His investigation had also ruled out the possibility of the contusion on Sister Abhaya's head being caused by an iron pipe deep under the well in which her body was found. The police version was that the nun had committed suicide by jumping into the well, and in the process had hit her head on one of the pipes below.

He said the Crime Branch version was “devoid of reason and logic”. He said the contusion on top of Sister Abhaya's head was caused by the “blunt metal edge” of a handaxe.

Ban on lie-detector truths

Senior defence counsel Raman Pillai, however, did not allow Nandakumaran Nair to dwell on the evidence he had deduced from polygraph tests, brain mapping and narco analysis done on the accused to substantiate his findings. Raman Pillai insisted that the Supreme Court had made it clear that such tests were inadmissible as evidence in a court of law.

Even as Raman Pillai kept objecting, Nandakumaran Nair told the Court that the CBI team led by him had followed all protocols and secured all permissions, including that of the accused and the courts, before conducting such deception-detection tests. Yet, he was not allowed to elaborate.

Cracks in the President's medal?

Raman Pillai's strategy was to question the professional credibility of the CBI in general and Nandakumaran Nair in particular. “Has not the High Court made serious and adverse remarks against the CBI when the case was handed over to a team led by you,” Raman Pillai asked.

“Some observations were made in the interest of the investigation,” the CBI officer said. The High Court had in 2008 asked why a junior officer like Nandakumaran Nair was asked to helm the investigation.

Pillai then quoted from another Court order, regarding a bail application moved in connection with a case concerned with the suicide of CBI additional SP Haridutt, in which it is said that Nandakumaran Nair should be “disciplined and bridled”.

Nair said the observation was made without hearing his side, and later when he got an occasion to speak on his behalf, the officer said the High Court had quashed a writ petition against him. The CBI officer also used the occasion to remind the defence team that he was an officer who had received the President's medal for meritorious service.

Thief as the only ally

Nonetheless, the CBI officer found himself in a spot of trouble when he told the court that the main accused, Thomas Kottoor and Jose Puthrikayil, used to enter the St Pius Convent during “unearthly hours in a hush-hush and secretive manner”.

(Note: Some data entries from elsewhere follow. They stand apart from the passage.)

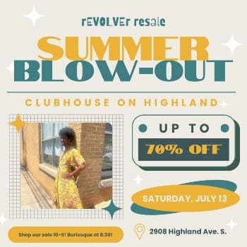 Don’t miss the Summer Blowout Sale + burlesque show & concert at Clubhouse on Highland! Shop some major deals on clothing from 10 a.m.–5 p.m. (up to 70% off select items!) followed by live music from Great Jane and a fun and fabulous burlesque show (21+) hosted by Femmie Moore and friends! Clothing sale is free and open to the public; burlesque show doors & live music at 7:30, show at 8:30, suggested donation $20 (pay what you can). Please bring cash to tip performers if you are able! Cocktails and mocktails by the talented DeAngelos Daiquiris for a suggested donation! Music by Great Jane (7:30-8:30) followed by DJ YANA!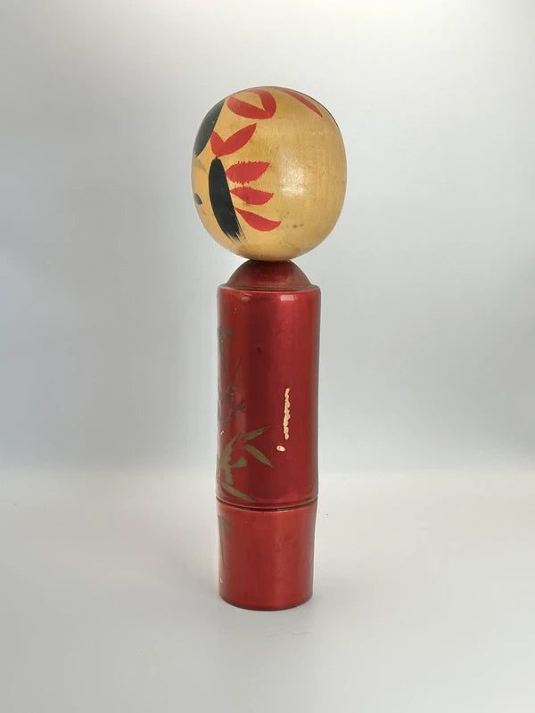 A vintage soaku kokeshi doll of renowned artisan Takahashi Tatsuro 高橋達郎, a respected name in the world of traditional Japanese kokeshi making. This piece embodies the elegance and bold design typical of the Yamagata-style (Yamagata-kei) within the traditional kokeshi (伝統こけし) lineage.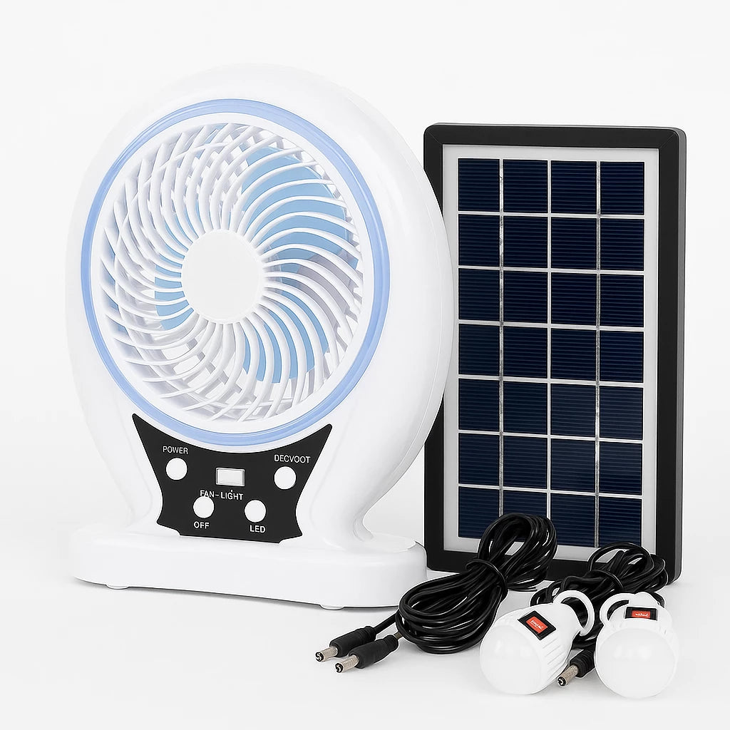 Solar Fan light Solar Powered AC DC Rechargeable Solar Fan with Solar Panel and LED Bulb light for Outdoor LED Camping Lights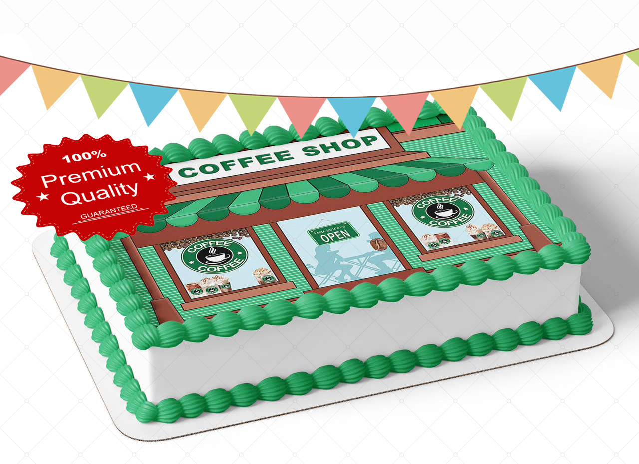 Coffee Shop Edible Image Themed Edible Birthday Party Cake Topper Sheet Edible Sticker Decal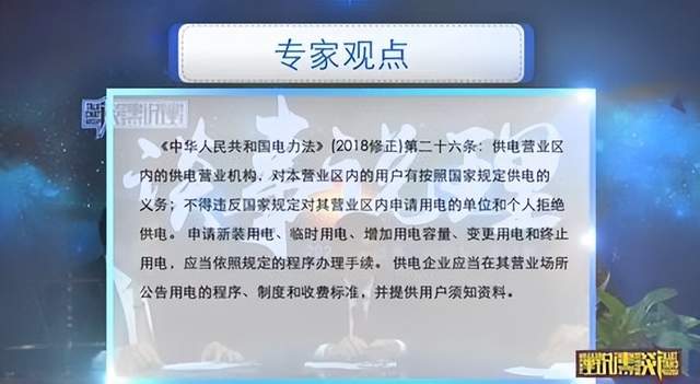 在专题节目中,北京林业大学教授杨朝霞发表观点:我们说二十几年来,他80%的电是他自己发电的,就是东莞市供电公司不给。这个来说是违法的。因为我们的《电力法》是明确规定的,就是电力公司、电力的供电机构是有给用户供电的强制的义务的。你不能拒绝供电,如果是拒绝供电,那么就是违法,就是你的强制义务。

Raman Pillai asked him whether he was able to find a single witness within the convent who had seen the accused sneaking into the Convent in a “secretive” manner. He did not. “It was done so secretively that no one inside the Convent had seen them,” the CBI officer said. Raman Pillai smiled.

The senior defence counsel then said this proved that the CBI officer knew that his clients had not entered the Convent the way he had described. “You were only inventing lies,” he said.

The CBI officer said it was not a lie and told the Court that Adaykka Raju (a thief and a prosecution witness) had seen Kottoor and Puthrikayil furtively entering the convent in the dead of the night.

(Adaykka Raju had given the statement in the CBI Court that he had seen the two accused while he was trying to steal the copper strips of the lightning rod installed on the terrace of the Convent.)

Raman Pillai then asked Nandakumaran Nair to show whether Adaykka Raju's name was mentioned in the chargesheet of R K Agarwal, the CBI officer in charge before Nair took over. There was none. The thief's name figured only after Nair took over. Clearly, the defence argument is that Adaykka Raju was a witness manufactured later by the CBI, perhaps using a bit of third degree. (Raju himself had spoken of CBI torture.)

Vanishing witnesses

Another 'outside witness', a neighbour named Sanju P Mathew who had initially said he had seen Kottoor's scooter outside the Convent's wall on the night of Sister Abhaya's death, had turned hostile in 2019. A third witness, the night security of a building close to the convent named Chellamma Das, died in 2014.

Now, there is virtually no one who had seen the main accused entering the Convent on March 27, 1997, the day 18-year-old Sister Abhaya was found dead.

Nandakumaran Nair's cross-examination will continue on Wednesday.